### DESCRIPTION OF THE TASK
Give back exactly the lines of the material below that start at the one holding "早春新款MU家减龄甜酷少女学院风百搭纽扣口袋翻领衬衫裤裙两件套" and end at the last line, minus the pictures.

■ ■ ■ ■

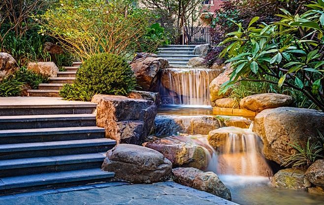 4款自然跌水景观设计图片大全别墅梯田式跌水瀑布景观
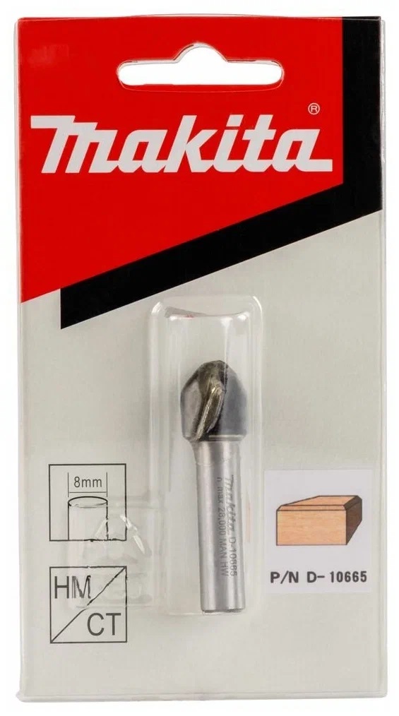 Универсальная фреза для прямого и наклонного фрезерования торцов Makita D-10665. Хвостовик 8 мм подходит для большинства триммеров и фрезеров. диаметр 12.7 мм, длина режущей части 12.7 мм, хвостовик 8 мм, длина 32 мм, угол 45°.
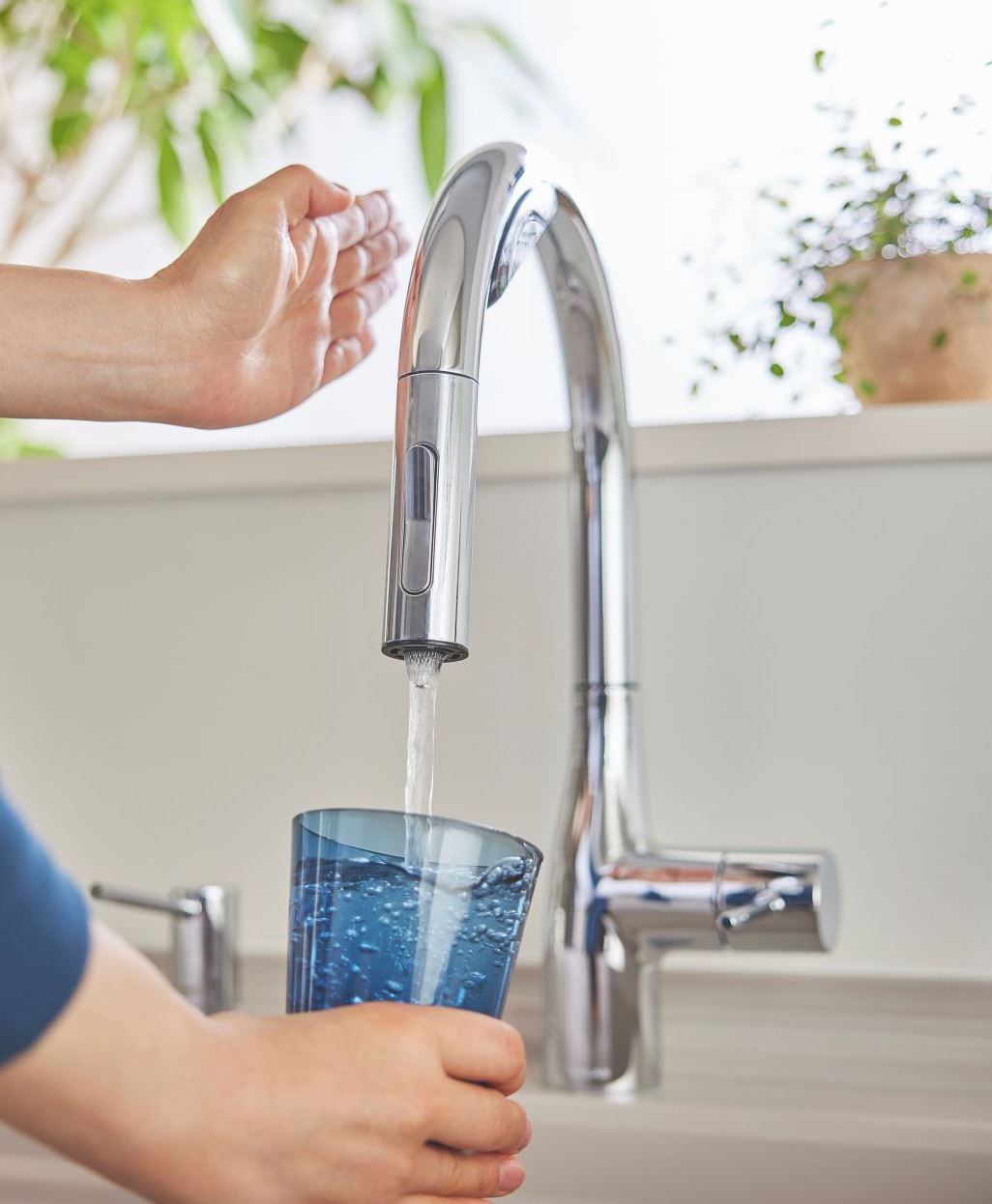 当社製の水栓一体型浄水器「エルタス」シリーズで初めて、曲線が美しいグースネックデザインを採用。さらに、左右に付いている2つのセンサーで、水道水と浄水それぞれを本体に触れずに吐水できるWセンサー機能も新規搭載しました。付属の浄水カートリッジはPFOS及びPFOAを含む17+5物質※を除去可能。ミネラル分は残したまま、美味しくキレイな水を作ります。
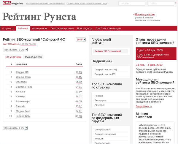 Окончательные результаты рейтинга — ТОП-50 SEO-компаний Рунета, будут публично представлены в январе 2010 года. Промежуточные результаты уже доступны в режиме реального времени на странице проекта «Рейтинг Рунета» ).
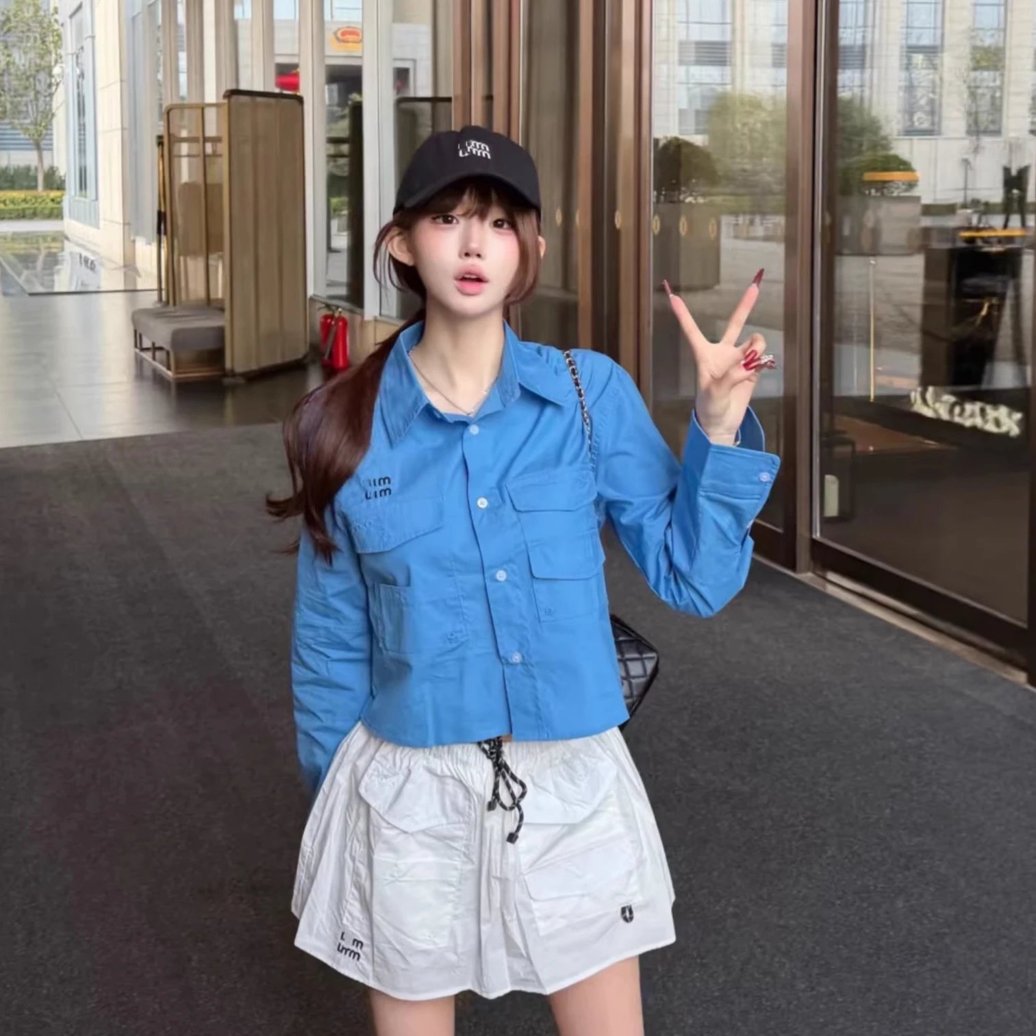 早春新款MU家减龄甜酷少女学院风百搭纽扣口袋翻领衬衫裤裙两件套
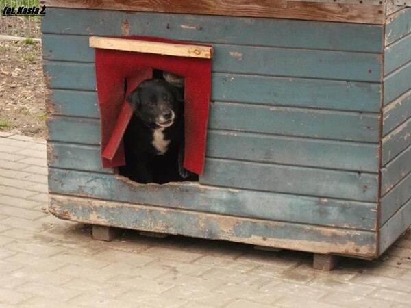 W schronisku kompletnie sobie nie radzi. Jest zastraszany przez inne psy i praktycznie nie wychodzi z budy.
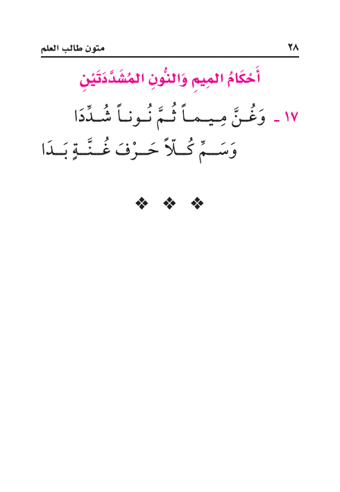 ١٧ - وَغُنَّ مِيماً ثُمَّ نُوناً شُدِّدَا ... وَسَمِّ كُلّاً حَرْفَ غُنَّةٍ بَدَا

■ ■ ■ ■

### ANSWER SECTION
 早春新款MU家减龄甜酷少女学院风百搭纽扣口袋翻领衬衫裤裙两件套
 W schronisku kompletnie sobie nie radzi. Jest zastraszany przez inne psy i praktycznie nie wychodzi z budy.
 ١٧ - وَغُنَّ مِيماً ثُمَّ نُوناً شُدِّدَا ... وَسَمِّ كُلّاً حَرْفَ غُنَّةٍ بَدَا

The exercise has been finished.